Big Eleven was originally conceived of as the northern anchor of the larger park design. Before construction of the park complex, the Waterway Park site was considered to be an “unsightly hole.” Situated 30 feet below Minnesota Ave, the site posed construction obstacles, and therefore the lowest and central point of the park became the focus of the design, a sunken water garden with a reflecting pool, flanked by two lakes to the north and south. The sunken garden featured native plants and water lilies fed by natural springs. The southern lake was located at the current Waterway Park site. Unfortunately, the lower lake and sunken garden were filled in in the 1930s due to the high cost of maintenance. Waterway Park remains a popular neighborhood park, and the site of the sunken garden is currently used as a city parking lot.

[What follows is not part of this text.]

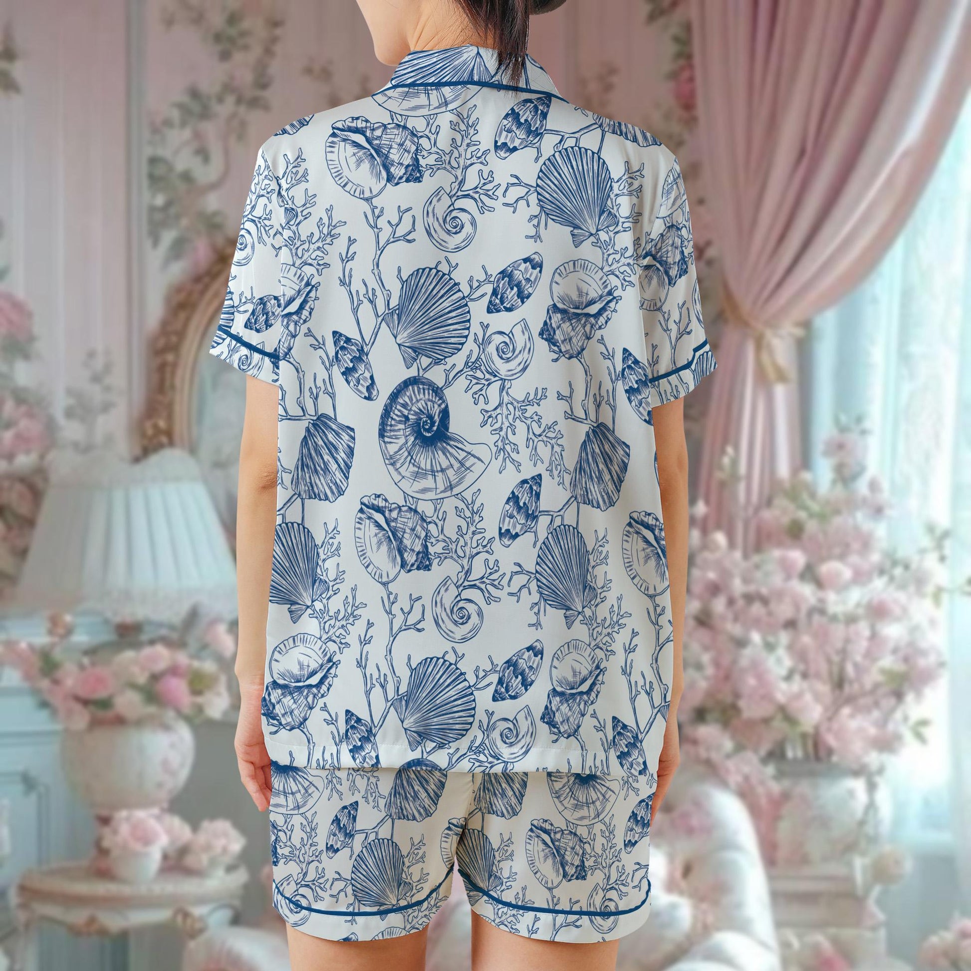 SeaShell Pajama Set, Beach Sleepwear, Ocean Lover Loungewear Set, Coquette SeaShell Pajamas, Coastal Summer Pjs, Cute Sea Animal, Aesthetic

Many upgrades have been made to Big Eleven over the years, including the construction of a concrete base and native limestone borders on the shore, a WPA project in 1934. This project required the draining of the lake, and many local people watched with interest, expecting to find skeletons at the bottom of the lake. In early days, ghost stories about the lake flourished. Locals would tell of ghostly figures that emerged from the water at night and of murders and bodies dumped into the water. In the end, only a gold watch, an old tire, and a few tin cans were excavated. The stone bandstand with cast iron light posts was also added in the 1930s.
Big Eleven has hosted Chautauquas, festivals, baptisms, fishing competitions, and more over its lifetime and continues to be a popular spot in downtown KCK. The lake is a favorite destination with local fishermen, and the Kansas Fish and Game Commission has kept the lake stocked with catfish, bass, and carp. In recent years, pollution and algae blooms have posed problems for the lake, and made it unfit for swimming and wading, and have threatened the fish population. An oxygenation system was installed in the late 1980s to clean the water and to help the fish survive. Because Big Eleven Lake is a shallow urban lake with a concrete bottom, it tends to have warm water and few aquatic plants to help remove nutrients. Efforts are underway to monitor the water quality of Big Eleven and to improve it so that the lake may continue to be enjoyed by the community for generations to come.